Task description: Could you repeat the whole listing below exactly, omitting any picture it holds?

Input data Start Marker

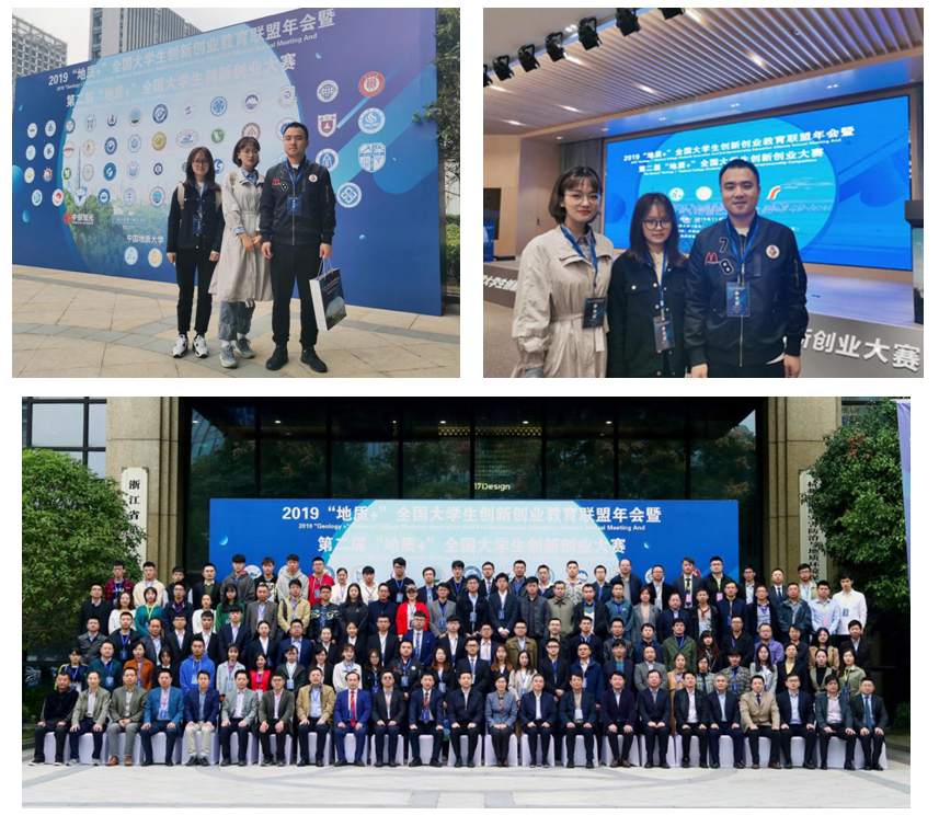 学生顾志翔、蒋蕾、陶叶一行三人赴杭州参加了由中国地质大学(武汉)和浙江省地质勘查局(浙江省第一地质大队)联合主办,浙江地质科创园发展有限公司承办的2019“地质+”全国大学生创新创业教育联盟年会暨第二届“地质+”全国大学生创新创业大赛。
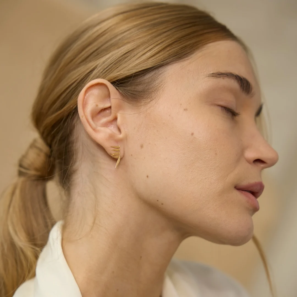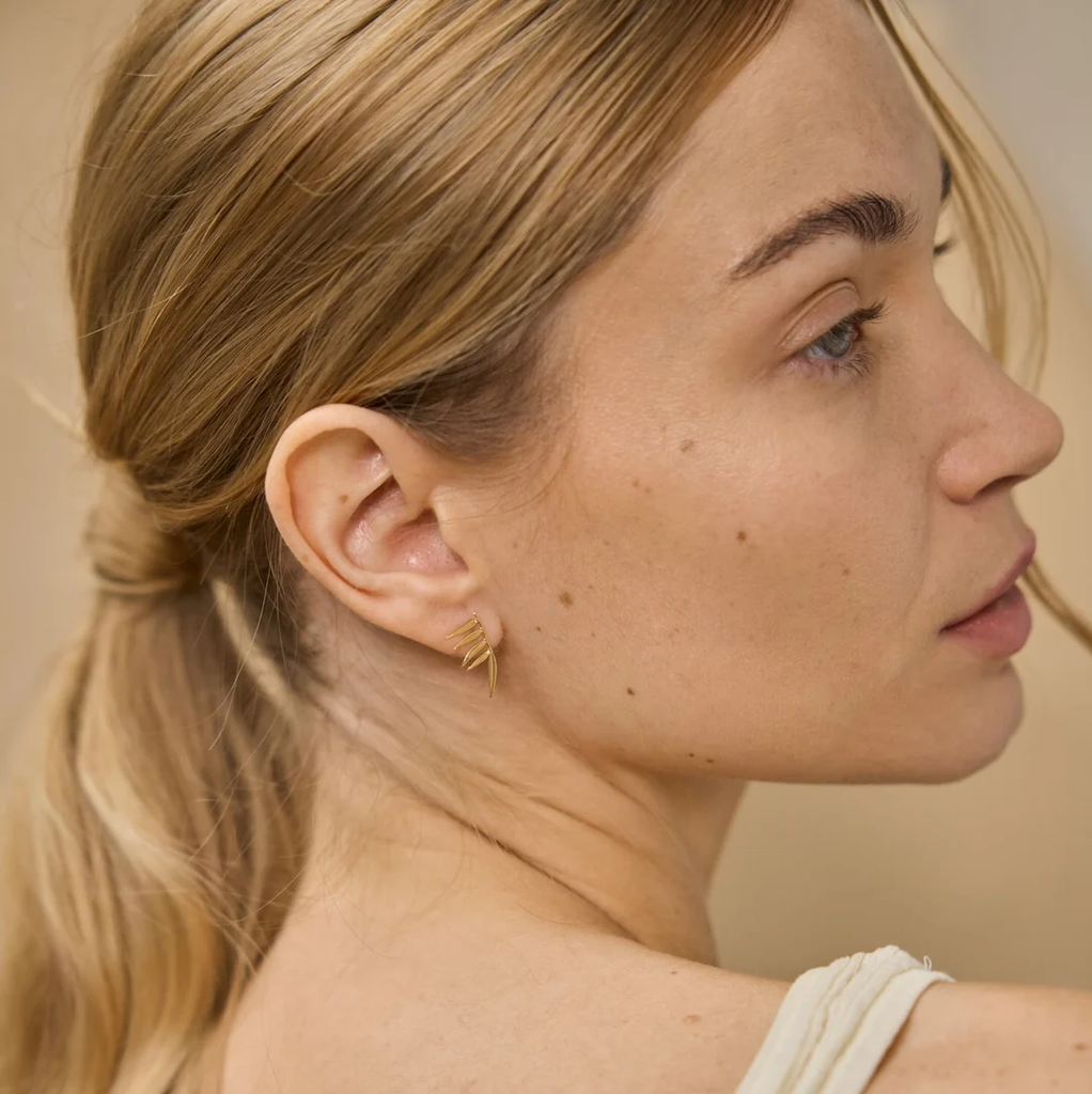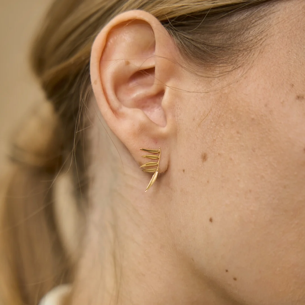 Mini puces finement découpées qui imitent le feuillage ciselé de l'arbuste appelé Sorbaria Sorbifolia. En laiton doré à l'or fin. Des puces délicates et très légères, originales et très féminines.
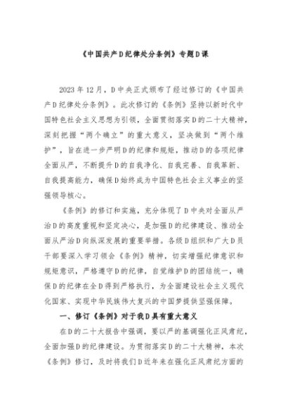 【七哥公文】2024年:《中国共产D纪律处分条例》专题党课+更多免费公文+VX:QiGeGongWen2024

Input data End Marker

Exercise solution:
 学生顾志翔、蒋蕾、陶叶一行三人赴杭州参加了由中国地质大学(武汉)和浙江省地质勘查局(浙江省第一地质大队)联合主办,浙江地质科创园发展有限公司承办的2019“地质+”全国大学生创新创业教育联盟年会暨第二届“地质+”全国大学生创新创业大赛。
 Mini puces finement découpées qui imitent le feuillage ciselé de l'arbuste appelé Sorbaria Sorbifolia. En laiton doré à l'or fin. Des puces délicates et très légères, originales et très féminines.
 【七哥公文】2024年:《中国共产D纪律处分条例》专题党课+更多免费公文+VX:QiGeGongWen2024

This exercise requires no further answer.